### [GOAL OF THE EXERCISE]
In the records below, find the line containing "Elevate your spiritual" and the line containing "Regarding cash generated"; please repeat exactly the lines from one to the other, both included, and nothing more.

### [DATA TO PROCESS]

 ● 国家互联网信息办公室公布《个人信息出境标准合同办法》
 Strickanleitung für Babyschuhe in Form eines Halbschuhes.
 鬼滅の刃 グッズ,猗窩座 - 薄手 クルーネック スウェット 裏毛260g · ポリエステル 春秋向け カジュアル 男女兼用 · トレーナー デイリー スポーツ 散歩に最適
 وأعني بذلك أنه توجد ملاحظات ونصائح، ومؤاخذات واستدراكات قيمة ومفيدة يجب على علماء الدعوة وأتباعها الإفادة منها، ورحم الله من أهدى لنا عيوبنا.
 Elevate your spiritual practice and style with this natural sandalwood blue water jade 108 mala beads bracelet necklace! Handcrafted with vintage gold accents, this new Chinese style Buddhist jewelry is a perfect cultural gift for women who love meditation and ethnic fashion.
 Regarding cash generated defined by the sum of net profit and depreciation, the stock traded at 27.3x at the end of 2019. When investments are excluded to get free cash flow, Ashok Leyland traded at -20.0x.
* * *
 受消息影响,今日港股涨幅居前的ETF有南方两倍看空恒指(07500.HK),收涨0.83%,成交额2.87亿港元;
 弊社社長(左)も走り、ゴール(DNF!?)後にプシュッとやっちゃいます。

### [RESULT FOR THIS EXERCISE]
 Elevate your spiritual practice and style with this natural sandalwood blue water jade 108 mala beads bracelet necklace! Handcrafted with vintage gold accents, this new Chinese style Buddhist jewelry is a perfect cultural gift for women who love meditation and ethnic fashion.
 Regarding cash generated defined by the sum of net profit and depreciation, the stock traded at 27.3x at the end of 2019. When investments are excluded to get free cash flow, Ashok Leyland traded at -20.0x.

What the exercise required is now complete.